At every level, from agentic AI systems have some amount of risk, from privilege, to design, to behavior, and even accountability. Fortunately, the guidance includes a series of best practices for securing agentic AI systems. To create secure agents, security practitioners are instructed to use clear instruction hierarchies in prompts, provide valuable context in prompts to prevent hallucinations, develop oversight mechanisms with human control points to stop agents from exceeding their authority, use strong identity management mechanisms, implement layered security controls, and keep agents with different functions separate and independent from each other. Agentic AI developers and vendors also receive guidance on creating secure agents, and are encouraged to test models comprehensively, evaluate them thoroughly, and to build up system resilience, “to allow for graceful degradation and reduce damage should erroneous behavior occur.”

 

The guidance ends with three recommendations to defend against future risks from agentic AI: expand threat intelligence through collaboration, develop robust, agent-specific evaluations, and leverage system-theoretic approaches to analyze security.

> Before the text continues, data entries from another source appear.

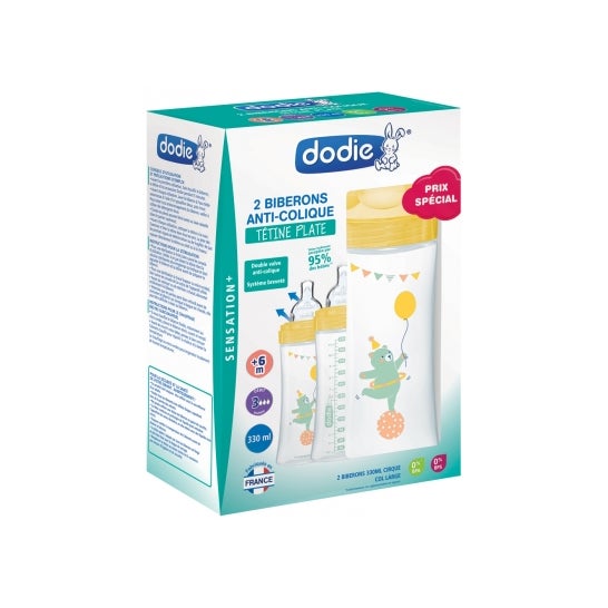 Box of two baby bottles Dodie Sensation for babies 6 months or older. In yellow.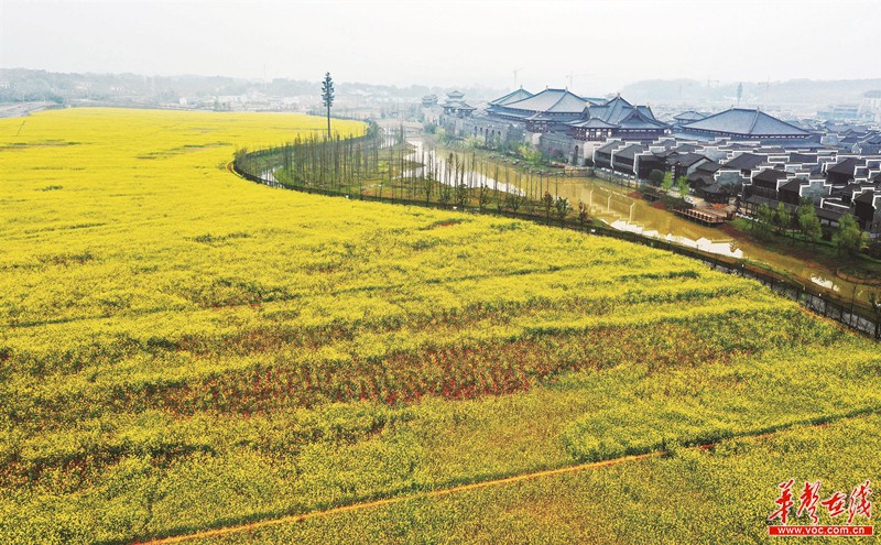 3月17日,长沙市望城区新华联铜官窑古镇周边的油菜陆续开花,成片的金黄色花朵与古镇盛唐风格建筑群构成一幅美丽的春日画卷。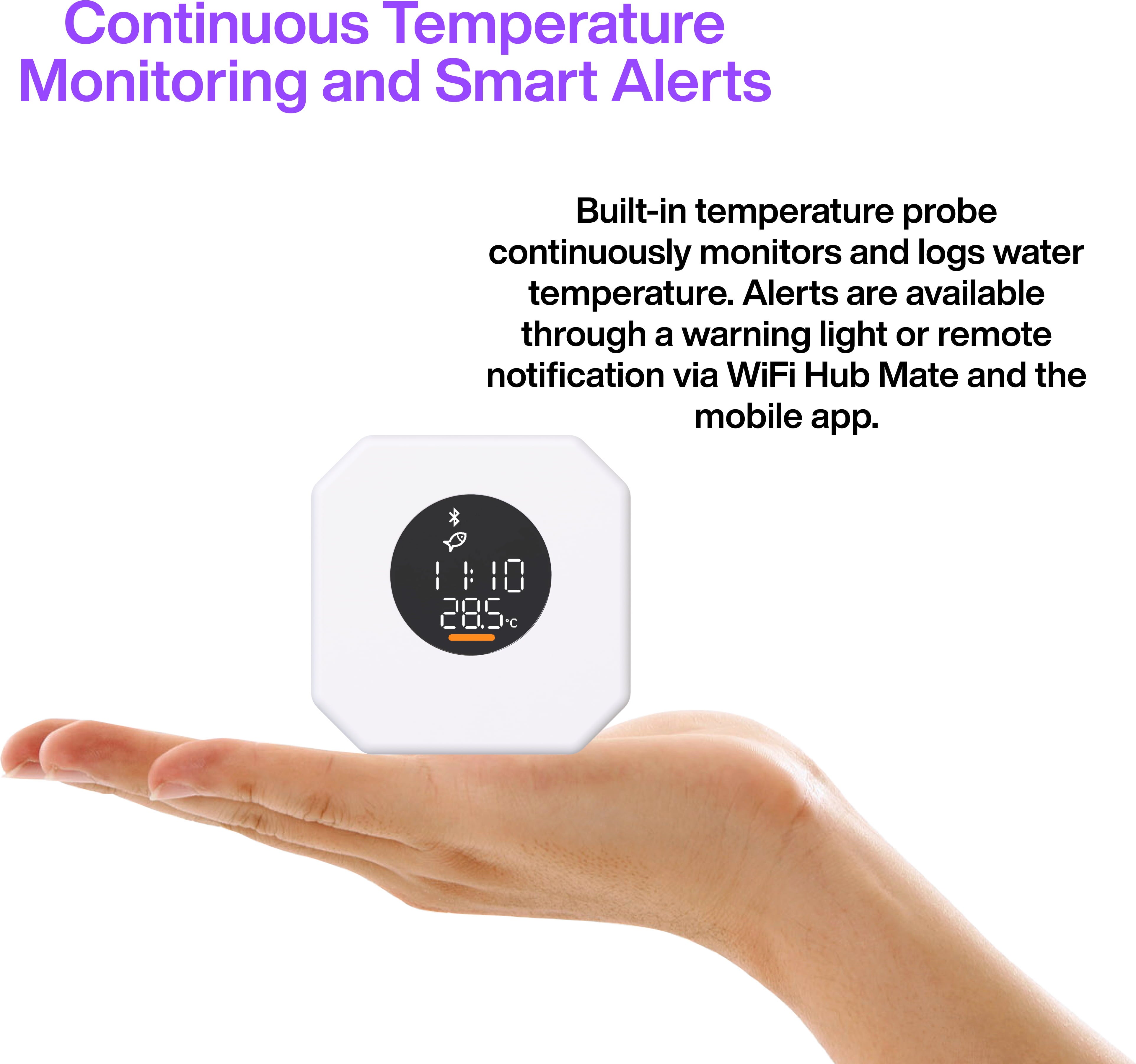 Avec le capteur intégré, vous gardez toujours un œil sur la température de votre aquarium. En temps réel, grâce au système de couleurs intuitif, vous pouvez vérifier à tout moment que tout est en ordre. La lumière verte, orange et clignotante verte vous indique l'état de la température dans votre aquarium – vous avez ainsi toujours la température idéale de l'eau sous contrôle !

Just before sharing a list of resources from the ASD, CISA, NSA, NCSC-UK, and Canada’s Cyber Centre, the publication provides clear instructions for anyone using agentic AI: “Strong governance, explicit accountability, rigorous monitoring and human oversight are not optional safeguards but essential prerequisites. Until security practices, evaluation methods and standards mature, organisations should assume that agentic AI systems may behave unexpectedly and plan deployments accordingly, prioritising resilience, reversibility and risk containment over efficiency gains.” Hopefully, pushing for caution with the emerging tool will help limit cyber incidents as adoption of agentic AI is sure to mount in the future.